Il periodo preclassico Maya (1800–300 a.C.)
Le persone sono arrivate per la prima volta in Messico e America Centrale millenni fa, vivevano come cacciatori-raccoglitori nelle foreste pluviali e nelle colline vulcaniche della regione. Iniziarono a sviluppare caratteristiche culturali associate alla civiltà Maya intorno al 1800 a.C. sulla costa occidentale del Guatemala. Nel 1000 a.C. i Maya si erano diffusi nelle foreste di pianura del Messico meridionale, del Guatemala, del Belize e dell'Honduras.
I Maya del periodo preclassico vivevano in piccoli villaggi in case semplici e si dedicavano all'agricoltura di sussistenza. Le principali città dei Maya, come Palenque, Tikal e Copán, furono fondate durante questo periodo e iniziarono a prosperare. È stato sviluppato il commercio di base, collegando le città-stato e facilitando lo scambio culturale.
Il tardo periodo preclassico (300 a.C.-300 d.C.)
Il tardo periodo preclassico Maya durò all'incirca dal 300 a.C. al 300 d.C. ed è segnato dagli sviluppi della cultura Maya. Furono costruiti grandi templi: le loro facciate furono decorate con sculture in stucco e pittura. Fiorì il commercio a lunga distanza , in particolare per oggetti di lusso come giada e ossidiana. Le tombe reali risalenti a questo periodo sono più elaborate di quelle del primo e medio periodo preclassico e spesso contenevano offerte e tesori.
Il primo periodo classico (300 d.C.–600 d.C.)

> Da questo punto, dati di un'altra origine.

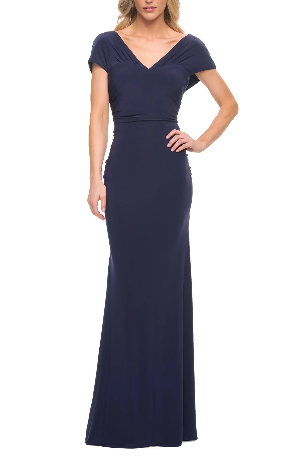 Graceful Sheath V Neck Cap Sleeve Ruched Back Floor Length Evening Dress
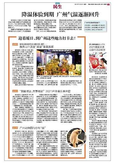 新快报讯 记者许力夫报道 降温体验已到期,随着冷空气东移减弱,最近三天,广东大部阳光积极,气温逐渐回升,广州市今天多云间晴,气温最高26℃。 随着冷空气影响减弱,阳光重返,养眼的蓝天白云又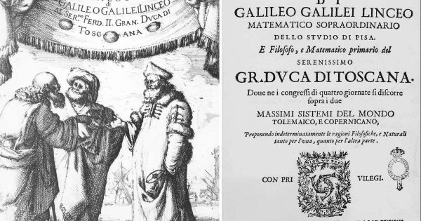 Στις 22 Φεβρουαρίου του 1632 τυπώθηκε στη Φλωρεντία ο «Διάλογος σχετικά με τα δύο παγκόσμια συστήματα» του Γαλιλαίου (αναφέρεται στο Πτολεμαϊκό και το Κοπερνίκειο). Στο κείμενο αυτό ο Γαλιλαίος υπερασπίστηκε το ηλιοκεντρικό σύστημα, που είχε προτείνει μερικά χρόνια πριν ο Κοπέρνικος, ανασύροντας από τη λήθη τις ηλιοκεντρικές θεωρίες Πυθαγόρειων όπως του Αρίσταρχου του Σάμιου. Κι αυτό το έκανε αριστοτεχνικά χρησιμοποιώντας το λογοτεχνικό είδος του διαλόγου (γνωστό από την κλασική φιλοσοφική γραμματεία).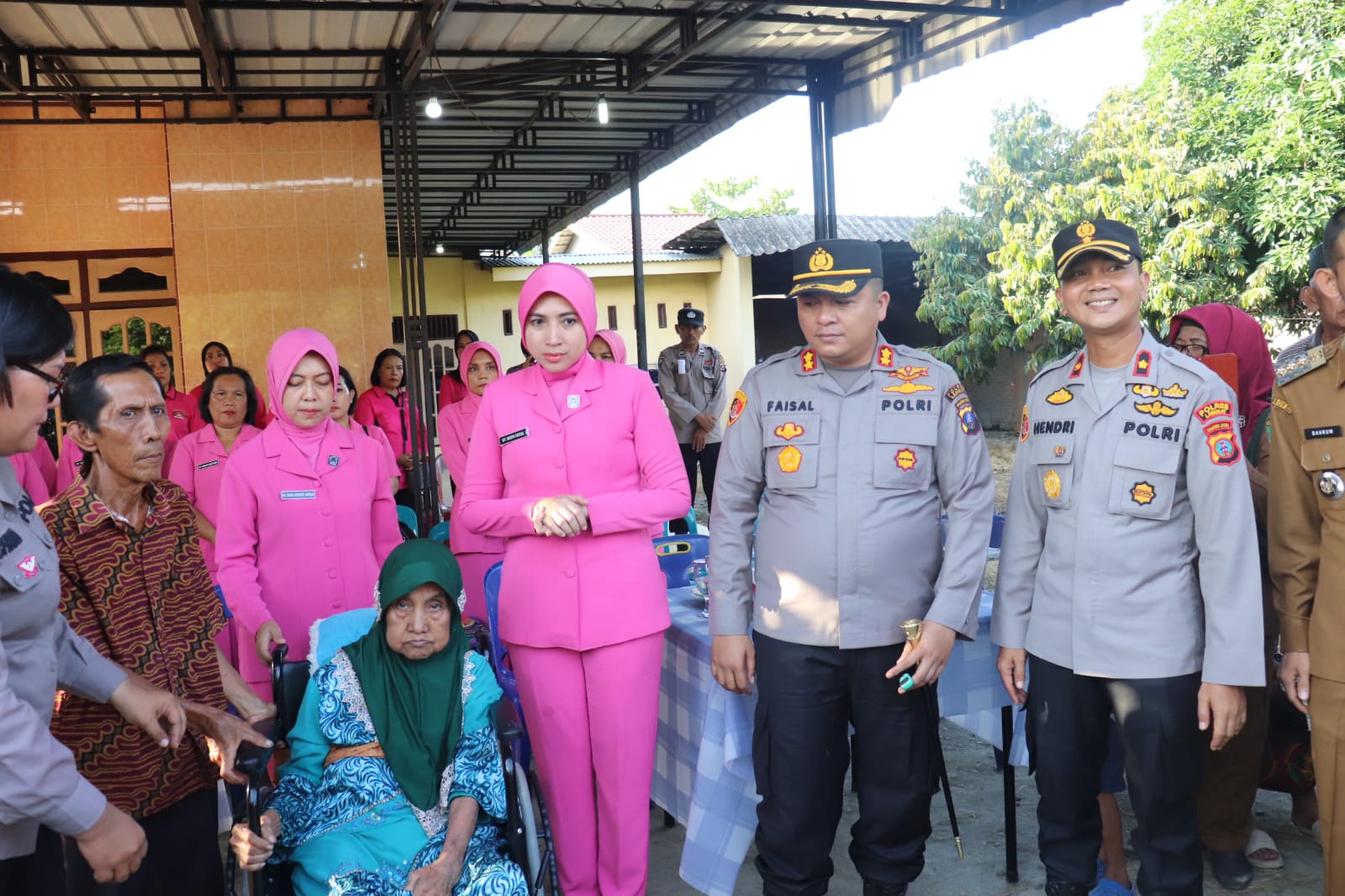 Sementara rangkaian kegiatan terdiri dari Penyerahan kursi roda Kapolres Langkat kepada ibu Arlin yg selama ini ibu Arlin di rawat inap di Puskesmas Tj.Beringin mengalami osteophyte (saraf terjepit) dan ganguan pendengaran.
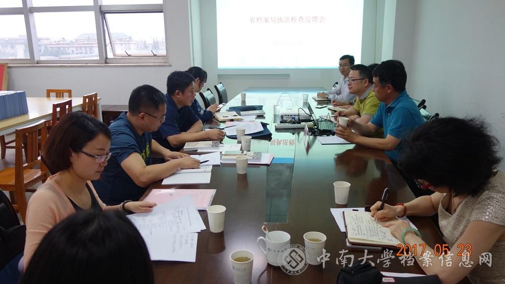 5月24日下午,湖南省档案局宣传教育法规处处长黄光斌一行4人对taptap官方网站2014年以来贯彻执行《中华人民共和国档案法》和《湖南省档案管理条例》的情况进行了行政执法检查。学校副校长黄健陵出席检查情况反馈会。学校档案馆馆长乔硕功作了题为“依法管档、夯实工作基础,开拓创新、服务学校发展”的自查工作汇报,从档案工作组织管理、文件材料归档整理、安全管理、档案编研与校史研究、档案信息化建设等七方面介绍taptap官方网站近三年档案工...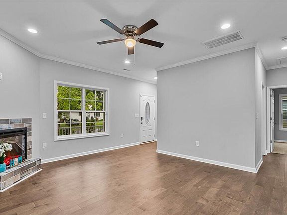 Beautiful Nearly-New Home Loaded with Upgrades Don't miss this stunning home, less than 2 years old, featuring 9-foot ceilings with elegant crown molding throughout. The kitchen boasts granite countertops, a stylish tile backsplash, self-closing cabinets, and stainless steel appliances. Tile flooring enhances all wet areas, while engineered hardwood floors grace the main living space. Cozy carpet adds comfort to each bedroom, all of which include ceiling fans and thoughtful touches throughout. You'll love the custom feel of this home—from the inviting electric fireplace for winter nights to the charming covered porch perfect for warm summer afternoons. With its modern finishes and carefully curated details, this home is truly move-in ready. Surrounded by mature trees and built for comfort and style, this property is a must-see. Don't wait—homes like this don't last long!

Si ritiene che il periodo classico sia iniziato quando i Maya iniziarono a scolpire bellissime stele (statue stilizzate di capi e governanti) decorate con date indicate nel calendario Maya del lungo conteggio. La prima data su una stele Maya è il 292 d.C. (a Tikal) e l'ultima è il 909 d.C. (a Tonina). Durante primo periodo classico (300–600 d.C.), i Maya continuarono a sviluppare molte delle loro attività intellettuali più importanti, come astronomia , matematica e architettura.
Durante questo periodo, la città di Teotihuacán, situata vicino a Città del Messico, esercitò una grande influenza sulle città-stato Maya, come dimostra la presenza di ceramiche e architetture in stile Teotihuacán.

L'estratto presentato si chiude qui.